DATA SHOWN:
────────

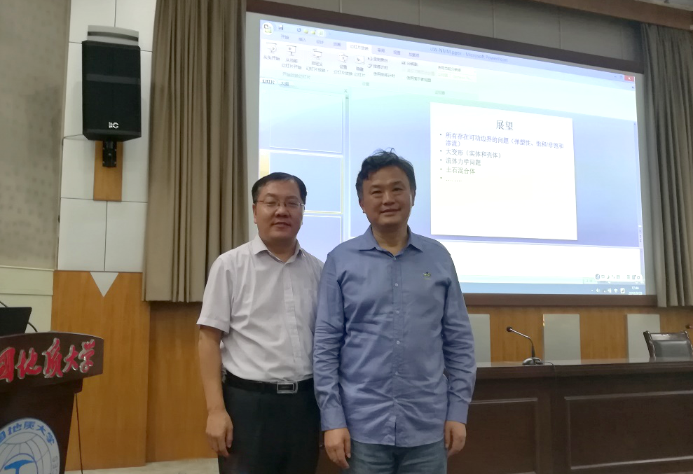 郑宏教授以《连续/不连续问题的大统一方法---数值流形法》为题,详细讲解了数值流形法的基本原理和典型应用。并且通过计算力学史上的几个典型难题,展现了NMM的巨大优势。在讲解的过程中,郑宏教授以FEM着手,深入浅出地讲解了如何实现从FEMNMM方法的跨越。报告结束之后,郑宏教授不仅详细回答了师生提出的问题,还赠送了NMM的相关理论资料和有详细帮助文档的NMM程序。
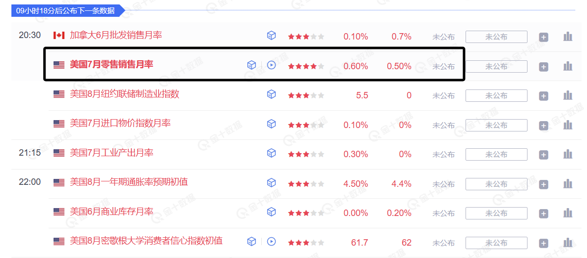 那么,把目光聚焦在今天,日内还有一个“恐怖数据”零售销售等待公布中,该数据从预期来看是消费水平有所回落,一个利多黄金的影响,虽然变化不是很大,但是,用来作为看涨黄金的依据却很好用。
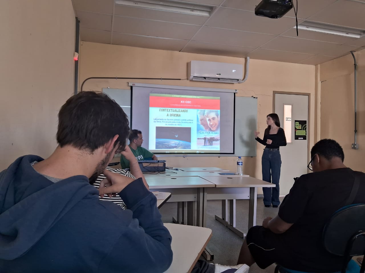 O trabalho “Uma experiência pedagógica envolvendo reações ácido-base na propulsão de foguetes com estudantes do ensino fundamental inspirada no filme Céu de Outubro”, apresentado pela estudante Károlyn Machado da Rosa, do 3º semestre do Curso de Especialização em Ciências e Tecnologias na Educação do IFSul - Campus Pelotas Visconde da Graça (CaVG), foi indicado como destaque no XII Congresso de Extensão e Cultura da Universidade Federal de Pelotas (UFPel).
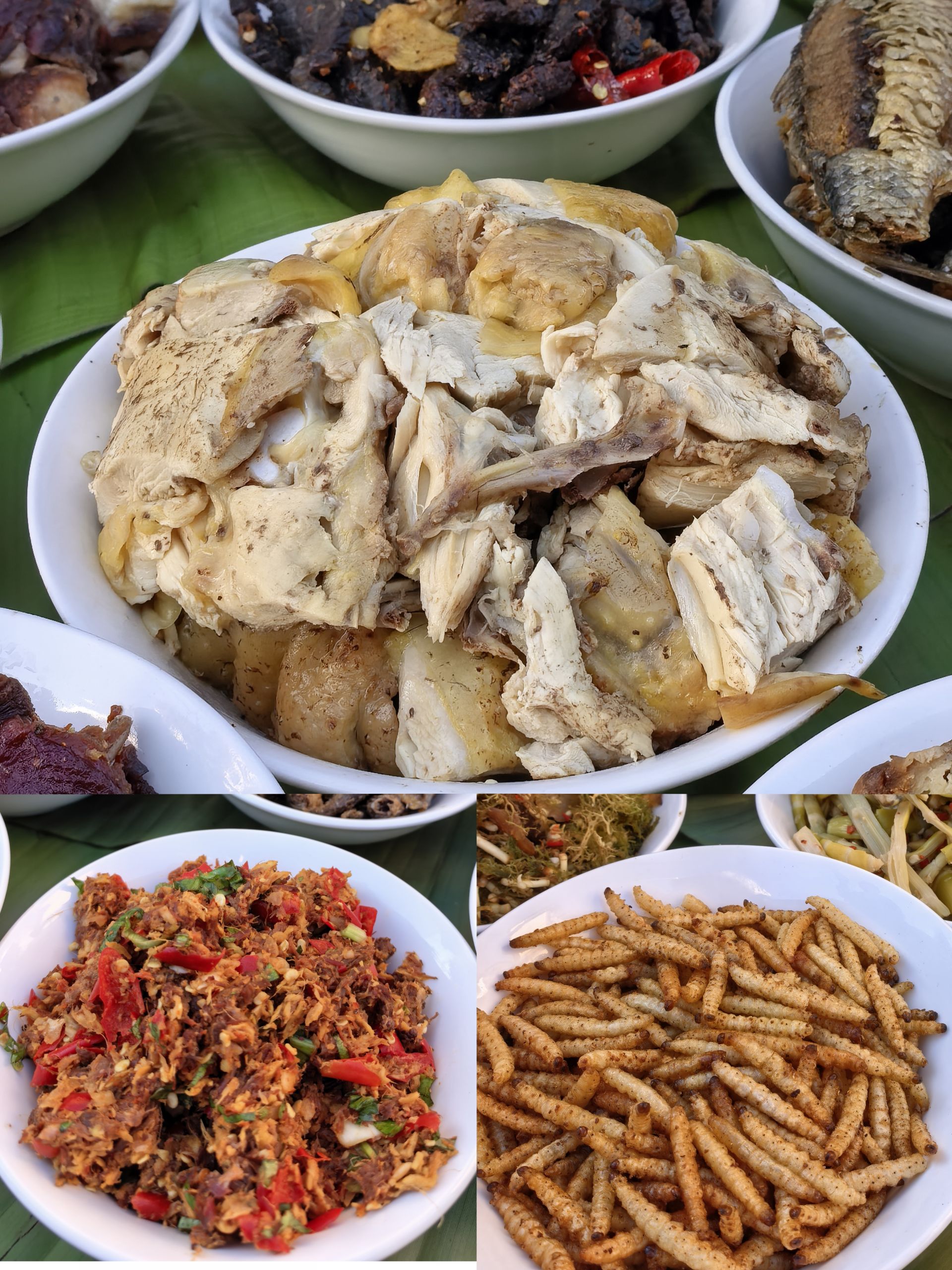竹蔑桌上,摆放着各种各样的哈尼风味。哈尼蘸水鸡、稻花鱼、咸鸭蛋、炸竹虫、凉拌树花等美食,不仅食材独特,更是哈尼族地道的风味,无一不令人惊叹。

────────

WHAT YOU ARE ASKED TO DO: Using the data above, print every line exactly, omitting pictures.

RESULT OF THE EXERCISE:
 郑宏教授以《连续/不连续问题的大统一方法---数值流形法》为题,详细讲解了数值流形法的基本原理和典型应用。并且通过计算力学史上的几个典型难题,展现了NMM的巨大优势。在讲解的过程中,郑宏教授以FEM着手,深入浅出地讲解了如何实现从FEMNMM方法的跨越。报告结束之后,郑宏教授不仅详细回答了师生提出的问题,还赠送了NMM的相关理论资料和有详细帮助文档的NMM程序。
 那么,把目光聚焦在今天,日内还有一个“恐怖数据”零售销售等待公布中,该数据从预期来看是消费水平有所回落,一个利多黄金的影响,虽然变化不是很大,但是,用来作为看涨黄金的依据却很好用。
 O trabalho “Uma experiência pedagógica envolvendo reações ácido-base na propulsão de foguetes com estudantes do ensino fundamental inspirada no filme Céu de Outubro”, apresentado pela estudante Károlyn Machado da Rosa, do 3º semestre do Curso de Especialização em Ciências e Tecnologias na Educação do IFSul - Campus Pelotas Visconde da Graça (CaVG), foi indicado como destaque no XII Congresso de Extensão e Cultura da Universidade Federal de Pelotas (UFPel).
竹蔑桌上,摆放着各种各样的哈尼风味。哈尼蘸水鸡、稻花鱼、咸鸭蛋、炸竹虫、凉拌树花等美食,不仅食材独特,更是哈尼族地道的风味,无一不令人惊叹。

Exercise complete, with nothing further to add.